_Activity_:
Apart from the images, repeat the data below exactly as written.

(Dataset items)
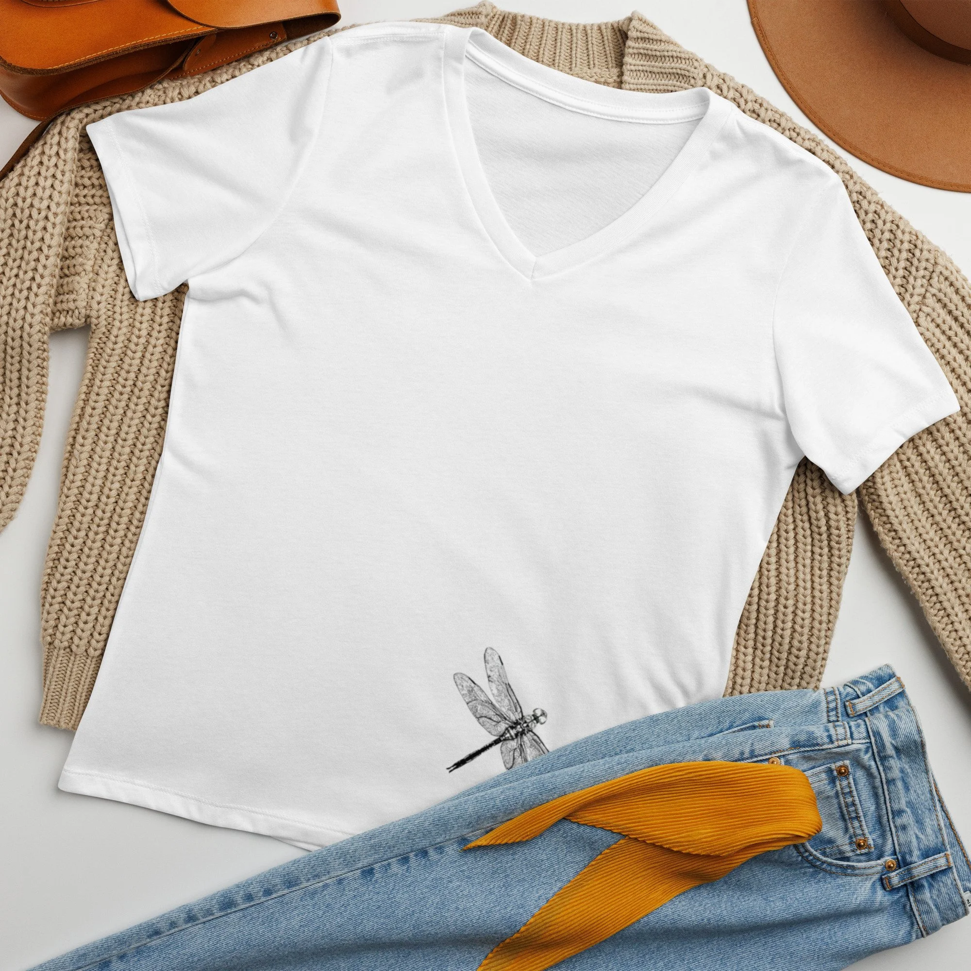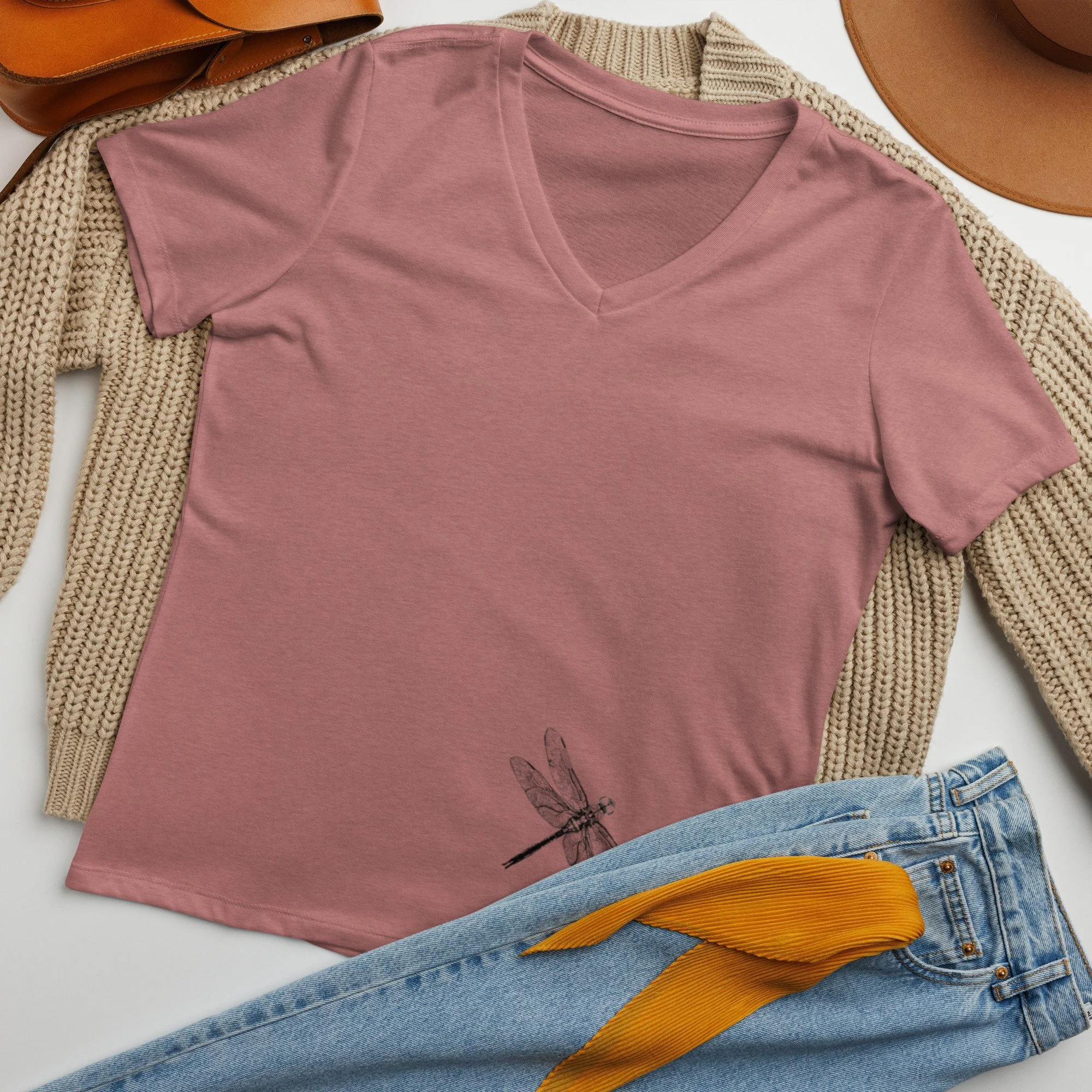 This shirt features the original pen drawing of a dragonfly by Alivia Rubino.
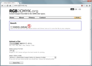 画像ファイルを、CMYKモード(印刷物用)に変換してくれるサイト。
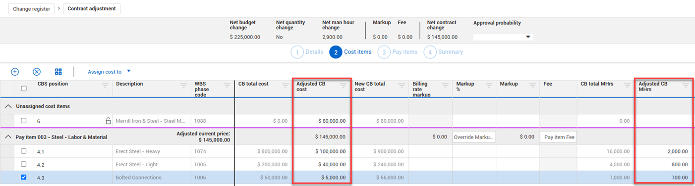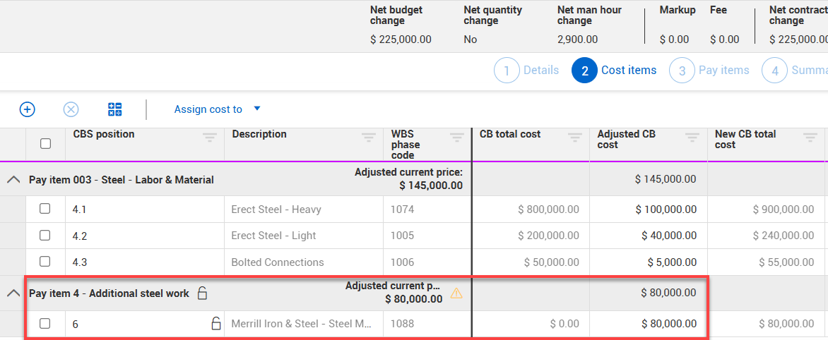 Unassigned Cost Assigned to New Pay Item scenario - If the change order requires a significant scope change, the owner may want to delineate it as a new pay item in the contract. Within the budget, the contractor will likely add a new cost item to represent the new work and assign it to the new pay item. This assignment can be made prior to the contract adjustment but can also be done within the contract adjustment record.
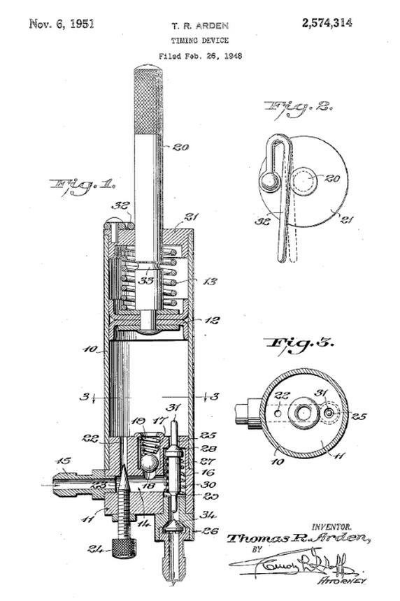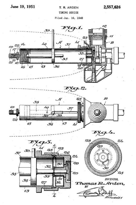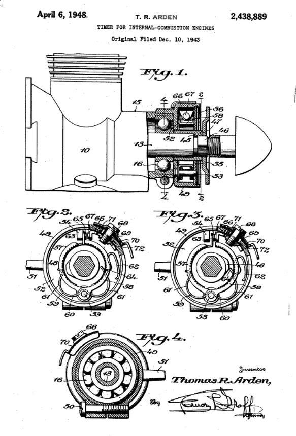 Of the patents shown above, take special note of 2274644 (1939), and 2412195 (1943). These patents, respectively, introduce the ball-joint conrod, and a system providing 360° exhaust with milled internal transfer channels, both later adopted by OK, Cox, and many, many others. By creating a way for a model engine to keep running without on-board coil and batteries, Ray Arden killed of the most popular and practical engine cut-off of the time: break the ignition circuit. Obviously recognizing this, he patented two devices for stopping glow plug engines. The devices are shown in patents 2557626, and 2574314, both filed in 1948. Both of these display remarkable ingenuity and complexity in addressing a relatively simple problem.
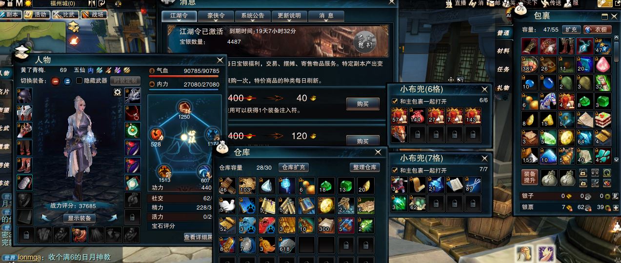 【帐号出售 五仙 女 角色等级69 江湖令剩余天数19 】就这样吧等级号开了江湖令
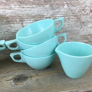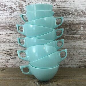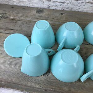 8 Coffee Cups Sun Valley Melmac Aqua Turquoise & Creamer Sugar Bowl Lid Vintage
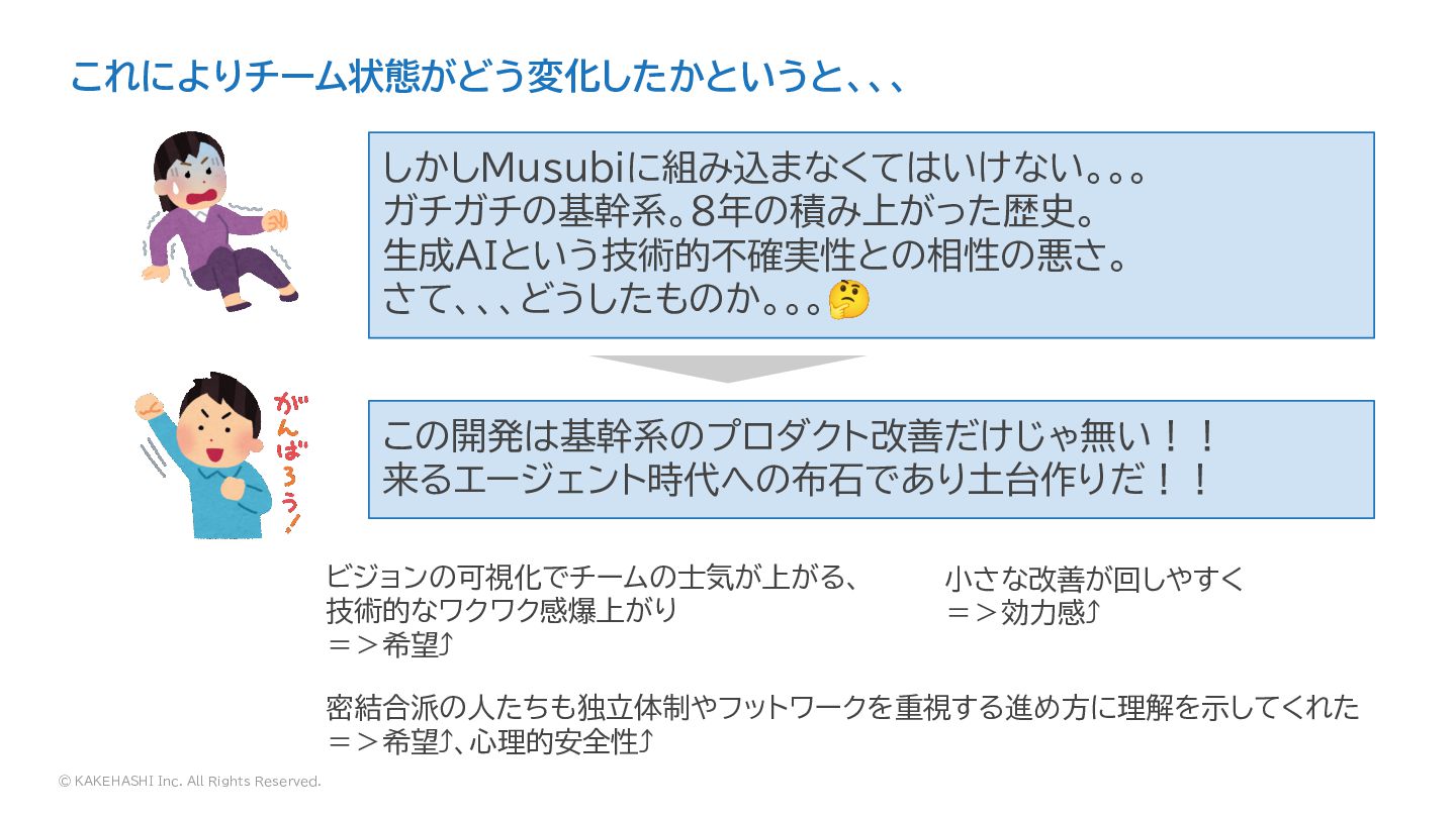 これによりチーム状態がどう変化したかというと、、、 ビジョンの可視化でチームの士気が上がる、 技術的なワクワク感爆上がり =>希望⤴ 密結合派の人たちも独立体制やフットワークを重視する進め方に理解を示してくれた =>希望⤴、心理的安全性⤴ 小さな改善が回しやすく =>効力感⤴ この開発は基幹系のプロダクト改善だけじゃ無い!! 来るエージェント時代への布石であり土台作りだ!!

_Task answer_:
 This shirt features the original pen drawing of a dragonfly by Alivia Rubino.
 画像ファイルを、CMYKモード(印刷物用)に変換してくれるサイト。
 Unassigned Cost Assigned to New Pay Item scenario - If the change order requires a significant scope change, the owner may want to delineate it as a new pay item in the contract. Within the budget, the contractor will likely add a new cost item to represent the new work and assign it to the new pay item. This assignment can be made prior to the contract adjustment but can also be done within the contract adjustment record.
 Of the patents shown above, take special note of 2274644 (1939), and 2412195 (1943). These patents, respectively, introduce the ball-joint conrod, and a system providing 360° exhaust with milled internal transfer channels, both later adopted by OK, Cox, and many, many others. By creating a way for a model engine to keep running without on-board coil and batteries, Ray Arden killed of the most popular and practical engine cut-off of the time: break the ignition circuit. Obviously recognizing this, he patented two devices for stopping glow plug engines. The devices are shown in patents 2557626, and 2574314, both filed in 1948. Both of these display remarkable ingenuity and complexity in addressing a relatively simple problem.
 【帐号出售 五仙 女 角色等级69 江湖令剩余天数19 】就这样吧等级号开了江湖令
 8 Coffee Cups Sun Valley Melmac Aqua Turquoise & Creamer Sugar Bowl Lid Vintage
 これによりチーム状態がどう変化したかというと、、、 ビジョンの可視化でチームの士気が上がる、 技術的なワクワク感爆上がり =>希望⤴ 密結合派の人たちも独立体制やフットワークを重視する進め方に理解を示してくれた =>希望⤴、心理的安全性⤴ 小さな改善が回しやすく =>効力感⤴ この開発は基幹系のプロダクト改善だけじゃ無い!! 来るエージェント時代への布石であり土台作りだ!!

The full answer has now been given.